_Task details_:
Your output should be everything below from the line containing "No toda sanación" down to the line containing "تاریخچه: میمند شهر", both ends included, copied exactly, with pictures left out.

________________________

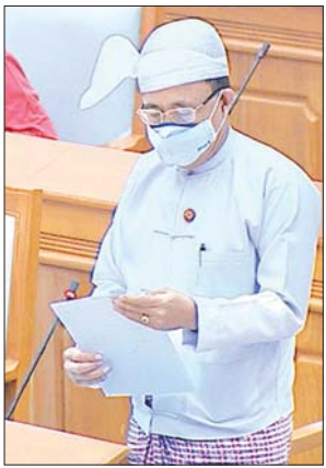
ပြည်ထောင်စုဝန်ကြီး ဦးကျော်တင်

ယခုတင်ပြခဲ့သည့် ၂၀၁၉ - ၂၀၂၀ ဘဏ္ဍာရေးနှစ်ပထမ ၆ လပတ် ရငွေနှင့် သုံးငွေ အကောင်အထည်ဖော်နိုင်မှုအခြေအနေများသည် အောက်တိုဘာလ မှ မတ်လအထိ ယာယီအမှန် အရအသုံးစာရင်းများသာ ဖြစ်ပါကြောင်း၊ ပြည်ထောင်စု၏ ဘဏ္ဍာငွေ အရအသုံးစာရင်းတွင် ပြင်ဆင်ရာ ဥပဒေပုဒ်မ ၁၈ ပါ ပြဋ္ဌာန်းချက်နှင့်အညီ တင်ပြလာသည့် ၂၀၁၉ - ၂၀၂၀ ခု ဘဏ္ဍာရေးနှစ် ပထမ ၆ လပတ် ပြည်ထောင်စု၏ ဘဏ္ဍာငွေ အရအသုံးဆိုင်ရာ အစီရင်ခံစာ ကို ပြည်ထောင်စုလွှတ်တော်က ဆွေးနွေးသုံးသပ်နိုင်ပါရန်နှင့် အတည်ပြု
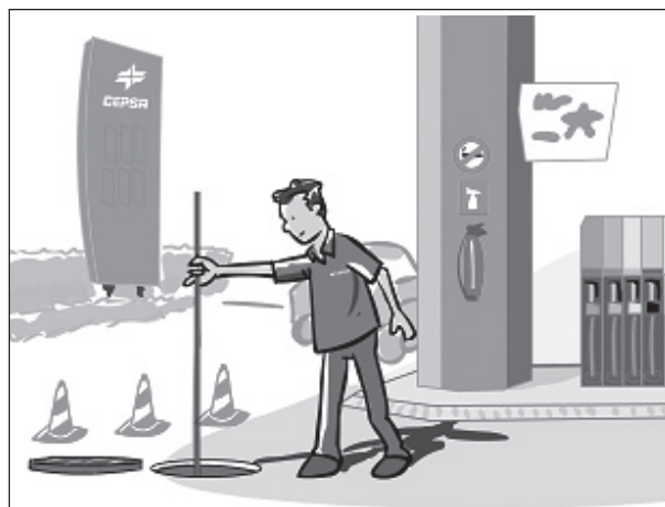
Figura 2. Varillado
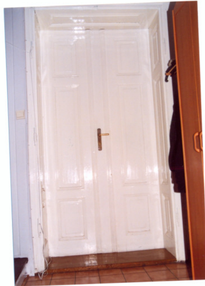
11. Stolarka drzwiowa.
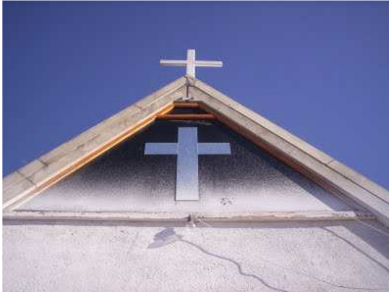
Visita a la Comunidad carismática de Biale Masse, Córdoba.

No toda sanación es milagrosa como creen algunos. San Pablo cuando enumera algunos carismas en la I Carta a los Corintios, cita primero el don de curaciones y a continuación el de operaciones milagrosas (12, 9). No son las personas las que sanan, sólo Jesús sana, pero nos invita a colaborar como instrumento, su poder y amor se canalizan como por un puente. "Solo para Dios todo el honor y la gloria"
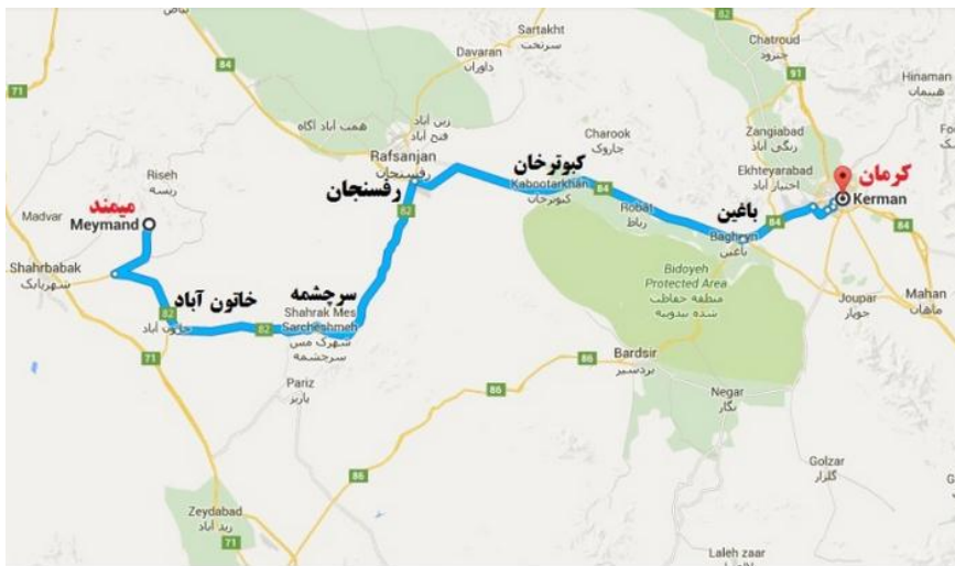
نقشه ۱. موقعیت قرارگیری روستای میمند کرمان

تاریخچه: میمند شهر بابک روستایی صخره‌ای و دستکند با چند هزار سال قدمت یادآور ایامی است که انسان‌ها خدایان خود را بر فراز کوه‌ها جستجو می‌کردند و کوه نماد استواری، توان، پایداری و اراده شناخته می‌شد. این بنای دستکند باستانی، بی‌گمان از نخستین سکونتگاه‌های بشری در ایران به شمار می‌رود، دورانی که هنوز ایرانیان مهرپرست بودند و کوه‌ها را مقدس می‌شمردند. به هر تقدیر چند هزار سال پیش از این، انسان‌ها دل سنگ‌ها را شکافتند و یادگاری را به جا گذاشتند، که امروزه پس از گذشت سال‌ها همچنان نماد عزم، اراده و اقتدار اجداد ایرانی به شمار می‌رود. هنوز کسی به درستی آگاه نیست که این مجموعه به دست چه کسانی به وجود آمده و انگیزه این مردم از ساخت چنین بناهایی چه بوده است.
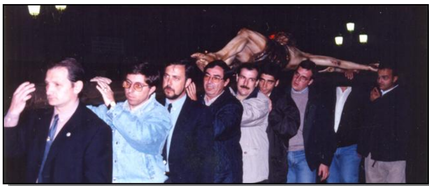
Vía Crucis de penitencia, Lunes Santo 1998
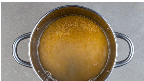
1. Bulgur kochen

Energie 850kcal, Fett 34.4g, Kohlenhydrate 108.5g, Eiweiß 20.4g
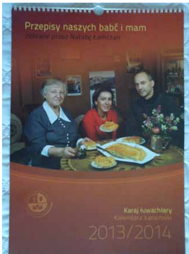
Календарь караимов Польши и Литвы

Календарь получился очень необычным по содержанию и профессионально оформленным в коричнево-красной цветовой гамме. Он несомненно украсит домашний интерьер и будет полезен любой хозяйке, любящей готовить вкусные блюда.
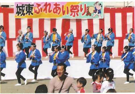
城東ふれあい祭り（城東小PTA）
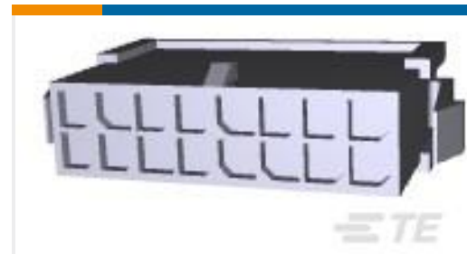
TE 产品编号1-794615-6 PANEL MT DBL ROW HSG 16 POS
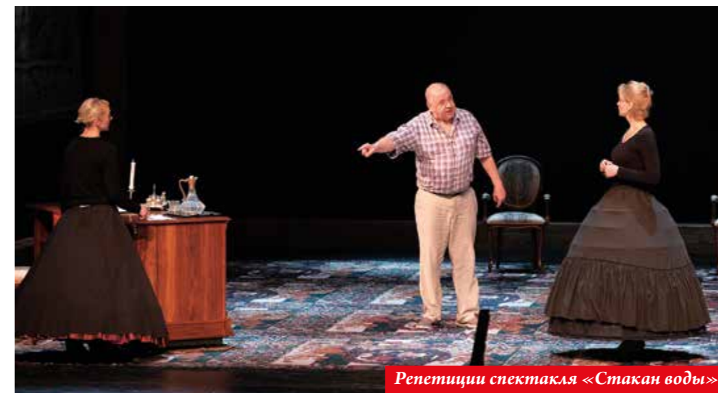
Репетиции спектакля «Стакан воды»

Накануне премьеры я чувствую, что спектакль на хорошем творческом ходу – и есть это ощущение творческого состояния, азарта – азарта легкого, который обязательно должен быть на выпуске именно этой пьесы, этого автора. Есть предвкушение, что все получится.
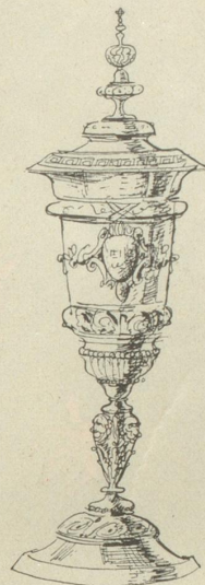
Und wenn der Becher aus Mailand stammt
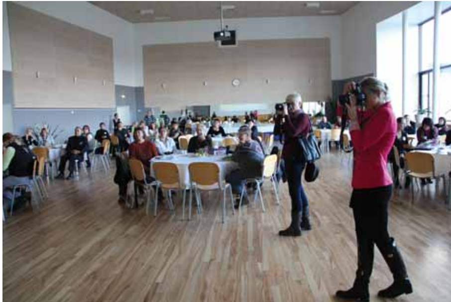
Koolisööklate tunnustamine Toidukonverentsil 04. 10 2013.
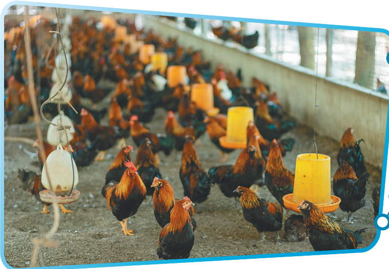
在生态养殖基地里的儋州鸡。资料图

截至目前，通过简化登记流程、优化服务体验，儋州洋浦已构建起“事前高效审批、事中精准监管、事后便利服务”的全周期服务体系，不仅让企业办事成本显著降低，更以市场化、法治化、国际化的营商环境，为海南自贸港“样板间”建设注入强劲动力。

________________________

_Solution below_:
No toda sanación es milagrosa como creen algunos. San Pablo cuando enumera algunos carismas en la I Carta a los Corintios, cita primero el don de curaciones y a continuación el de operaciones milagrosas (12, 9). No son las personas las que sanan, sólo Jesús sana, pero nos invita a colaborar como instrumento, su poder y amor se canalizan como por un puente. "Solo para Dios todo el honor y la gloria"
نقشه ۱. موقعیت قرارگیری روستای میمند کرمان

تاریخچه: میمند شهر بابک روستایی صخره‌ای و دستکند با چند هزار سال قدمت یادآور ایامی است که انسان‌ها خدایان خود را بر فراز کوه‌ها جستجو می‌کردند و کوه نماد استواری، توان، پایداری و اراده شناخته می‌شد. این بنای دستکند باستانی، بی‌گمان از نخستین سکونتگاه‌های بشری در ایران به شمار می‌رود، دورانی که هنوز ایرانیان مهرپرست بودند و کوه‌ها را مقدس می‌شمردند. به هر تقدیر چند هزار سال پیش از این، انسان‌ها دل سنگ‌ها را شکافتند و یادگاری را به جا گذاشتند، که امروزه پس از گذشت سال‌ها همچنان نماد عزم، اراده و اقتدار اجداد ایرانی به شمار می‌رود. هنوز کسی به درستی آگاه نیست که این مجموعه به دست چه کسانی به وجود آمده و انگیزه این مردم از ساخت چنین بناهایی چه بوده است.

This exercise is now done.